Not that the world values that.

That’s the last class I anticipate taking for a while.

3 comments… add one
  • Guarneri Link

    “Not that the world values that.”

    I’m surprised to see you say that/for that to be your experience. It’s a prized trait in the world of management. In a relative sense, specialists can always be found and hired, and they come with the baggage of believing that because they are good at some narrow endeavor they know everything. Good generalist managers are fairly rare.

  • My experience has been that the most common career path is from jobs that require a specialist to those that require a generalist. In other words the Peter Principle practically guarantees that you’ll get specialists in areas in which their specialist expertise is useless.
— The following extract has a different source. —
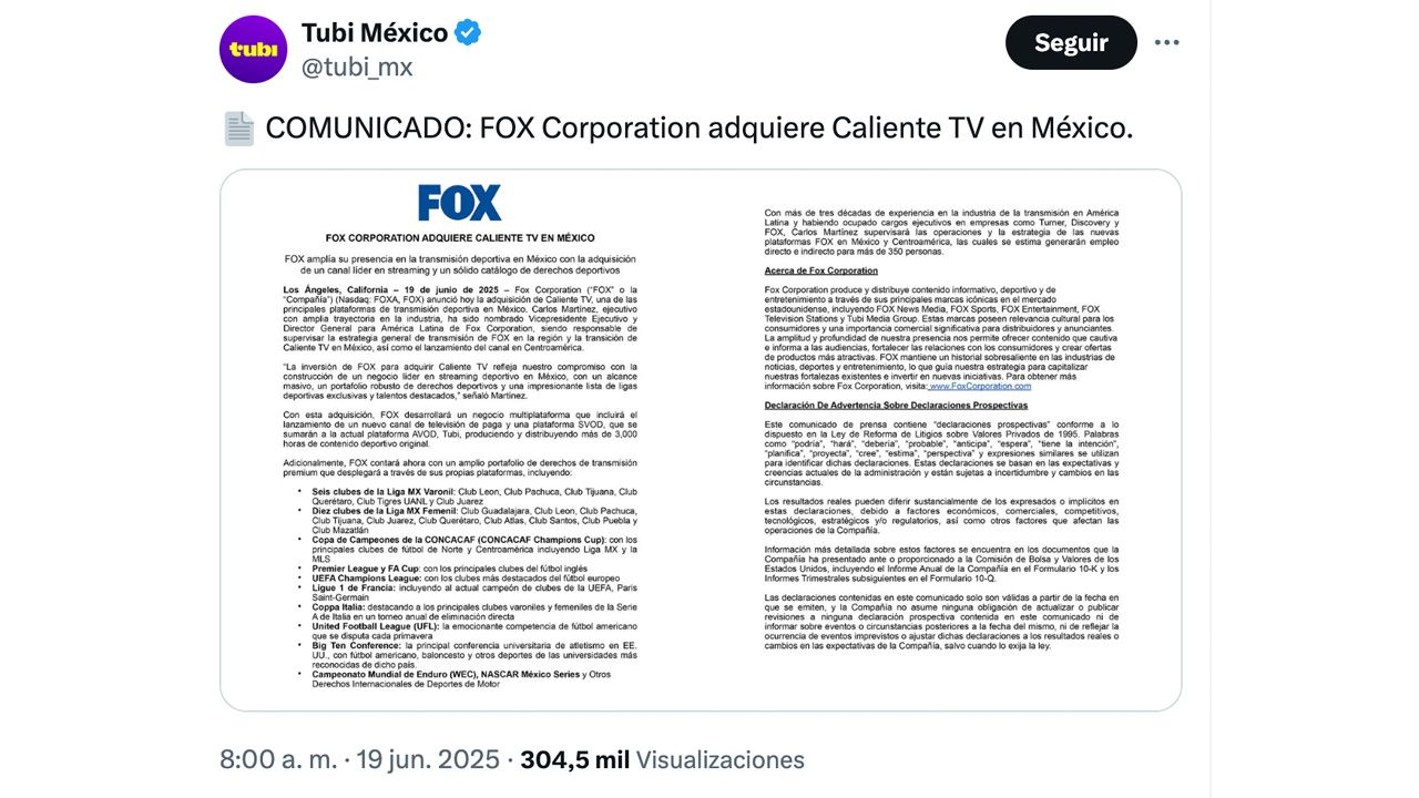 Como parte del comunicado oficial compartido a través de X, Tubi México reveló que Caliente TV ahora forma parte de Fox Corporation y que además de lanzar un canal de televisión de paga, fortalecerán la plataforma de streaming gratuita al producir y distribuir más de 3,000 horas de contenido deportivo original. Entre los derechos de transmisión a los que la plataforma tendrá acceso, son los de la Liga MX, Liga MX Femenil, CONCACAF Champions Cup, Premier League, Coppa Italia, Ligue 1, FA Cup y la UEFA Champions League.

    I recall taking an aptitude test about a half century ago. It found that my preferences and attitudes were in line with those of bank presidents and Fortune 500 CEOs but not in line with middle level managers. You don’t suddenly get made a bank president or Fortune 500 CEO. You work your way up.

    I found the middle level of Corporate America intolerable. That’s when I went off and started my own company.

  • Guarneri Link

    “You don’t suddenly get made a bank president or Fortune 500 CEO. You work your way up. I found the middle level of Corporate America intolerable. That’s when I went off and started my own company.”

    You and most of the entrepreneurs we deal with. It’s also largely why I saw PE as a way to get to board level involvement without doing that long slog through large corporate middle management, a very unappealing prospect. I think I chose correctly.

    As an aside, I’ve always found the slavish praise of Obama to be odd, when the very same people are generally so critical of corporate America. His chief skills seem to be a smooth tongue/ delivery, showing up to take credit but disappearing when things don’t go so well, and a few specialty items. A classic corporate climber and gamesman. Hard things, like leadership, coalition building, metrics and organization development do not seem to be in evidence, and certainly not of interest. Said another way, being president seems more important to him than doing president.